Organize planned an event on admitted student’s day in which members of the club would engage in a climate-oriented dialogue with prospective students. Sciortino sent out emails promoting the event.  

Then she got an email —she and a fellow Organize member were to report to a UVM administrator as soon as possible.  

Sciortino had been pushing for a meeting with Garimella to discuss divestment for weeks, she said.  But she soon realized that this would be a different type of meeting than the one she requested. 

“Basically, they said we’ll do whatever you want. You can get a meeting with Suresh, no problem,” she said. “As long as you don’t hold this action on accepted students’ day. You can do it any other time. But don’t do it on accepted students’ day.” 

The board of trustees eventually accepted divestment in July 2020. Sciortino credits the success of the movement to Organize’s efforts to frame divestment as financially prudent rather than morally necessary.  

Sciortino was alarmed by the administration’s reaction to Organize’s activism, realizing the University was more concerned with its reputation than the environmental implications of supporting the fossil fuel industry, she said. 

“They didn’t want us to hurt their brand,” she said.

Gess also knows the frustration of being heard but not listened to by administrators, he said. In May 2019, Gess authored an SGA resolution of his own, similar to Coppola’s Mar. 23 resolution.  

Both the 2019 and 2021 resolutions predict that UVM will not be carbon neutral in 2025, and call on the University to form a new CAP.

Gess said SGA managed to get Garimella to agree to his 2019 resolution, however Corredera did not respond to request for verification of this. 

From what Gess remembers, Garimella signed off on it but took no action. 

Having to write a resolution in the first place is disappointing, Gess said.  

“The students shouldn’t have to be writing this for the administration,” he said. “The administration should realize this is a problem.”

UVM students have limited influence to begin with. While SGA resolutions reflect student opinion and can urge the administration to act, they are not obligatory.  

“There is no binding power with SGA passing resolutions,” Coppola said.  

On Town Meeting Day, March 2, Burlington voters passed a charter change allowing the city council to regulate thermal energy systems in residential and commercial buildings, giving Burlington City Council the power to hold UVM accountable.

If the charter change is passed by the state legislature and signed off by Governor Phil Scott, UVM will no longer have complete autonomy in thermal energy production.

“We’re moving this way regardless and we’re going to create policies to move this way,” Hanson said.

The Central Heating and Cooling Plant April 6. The plant was first approved by the UVM board of trustees in 1969 and in 2007 it became home to the first two steam-driven coolers in Vermont. (Eric Scharf)

Regardless of disaffection among students, the University is comparably better than most institutions when it comes to climate change.  

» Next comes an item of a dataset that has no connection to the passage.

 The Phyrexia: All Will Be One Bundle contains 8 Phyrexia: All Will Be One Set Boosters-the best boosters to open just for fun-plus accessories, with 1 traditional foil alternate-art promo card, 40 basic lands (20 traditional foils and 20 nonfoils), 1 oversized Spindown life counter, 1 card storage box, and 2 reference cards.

UVM received its third successive Gold sustainability rating by STARS in 2020, according to UVM’s website.  STARS collects climate data from colleges every three years and sorts them into Platinum, Gold, Silver and Bronze categories.  

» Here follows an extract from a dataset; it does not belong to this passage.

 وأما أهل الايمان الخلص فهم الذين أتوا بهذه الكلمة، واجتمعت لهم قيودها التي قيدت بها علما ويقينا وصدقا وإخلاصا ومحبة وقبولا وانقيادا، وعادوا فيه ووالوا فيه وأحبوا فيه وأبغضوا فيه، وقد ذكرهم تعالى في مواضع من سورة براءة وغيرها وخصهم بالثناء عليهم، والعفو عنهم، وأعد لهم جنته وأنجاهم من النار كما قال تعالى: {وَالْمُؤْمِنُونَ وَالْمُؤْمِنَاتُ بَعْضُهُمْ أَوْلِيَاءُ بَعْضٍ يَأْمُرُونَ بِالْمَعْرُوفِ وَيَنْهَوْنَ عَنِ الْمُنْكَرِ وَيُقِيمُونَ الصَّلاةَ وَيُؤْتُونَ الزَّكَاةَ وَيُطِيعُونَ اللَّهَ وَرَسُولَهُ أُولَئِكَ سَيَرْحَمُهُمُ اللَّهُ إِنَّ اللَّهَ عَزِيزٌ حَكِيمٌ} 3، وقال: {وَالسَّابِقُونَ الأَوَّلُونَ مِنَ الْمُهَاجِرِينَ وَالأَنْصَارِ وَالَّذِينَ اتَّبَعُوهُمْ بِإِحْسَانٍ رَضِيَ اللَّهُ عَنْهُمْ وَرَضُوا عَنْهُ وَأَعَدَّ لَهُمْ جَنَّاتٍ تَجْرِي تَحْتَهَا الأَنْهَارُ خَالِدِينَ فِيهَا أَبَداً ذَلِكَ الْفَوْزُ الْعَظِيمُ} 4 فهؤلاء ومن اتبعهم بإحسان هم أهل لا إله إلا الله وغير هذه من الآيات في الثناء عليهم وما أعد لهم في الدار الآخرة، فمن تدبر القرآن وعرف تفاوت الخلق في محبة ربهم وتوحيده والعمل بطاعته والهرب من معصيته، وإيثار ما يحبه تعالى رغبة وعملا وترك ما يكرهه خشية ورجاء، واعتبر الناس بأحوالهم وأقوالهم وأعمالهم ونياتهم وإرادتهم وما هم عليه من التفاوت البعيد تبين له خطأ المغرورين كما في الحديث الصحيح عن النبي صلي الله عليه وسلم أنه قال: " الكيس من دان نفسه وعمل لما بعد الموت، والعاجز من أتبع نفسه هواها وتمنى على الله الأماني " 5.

UVM was also one of the first universities in the country to end bottled water sales in 2013 and has an ongoing relationship with multiple power companies to establish solar energy projects on and off-campus, Corredera stated in a March 30 email to the Cynic.

UVM has also invested heavily in climate research. In 2007, UVM created the Clean Energy Fund, now called the Sustainable Campus Fund, which has raised $225,000 per year, replenished by a $10 per student fee according to UVM’s website.  

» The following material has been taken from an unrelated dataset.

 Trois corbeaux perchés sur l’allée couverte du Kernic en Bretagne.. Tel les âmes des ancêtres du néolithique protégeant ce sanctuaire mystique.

The fund “supports students’ vision of enhancing a culture of sustainability, innovation and research on campus,” according to UVM’s website.

UVM also launched the Gund Institute for Environment in 2017 to “accelerate transdisciplinary environmental research at UVM, engage with leaders in government and business, and develop real-world solutions to urgent global issues,” Corredera stated in a March 30 email.

“There’s plenty of things to be proud of,” Hanson said. 

Hanson said now more than ever, action is needed.

“We are talking about the climate crisis here,” Hanson said. “This is where the rubber hits the road.”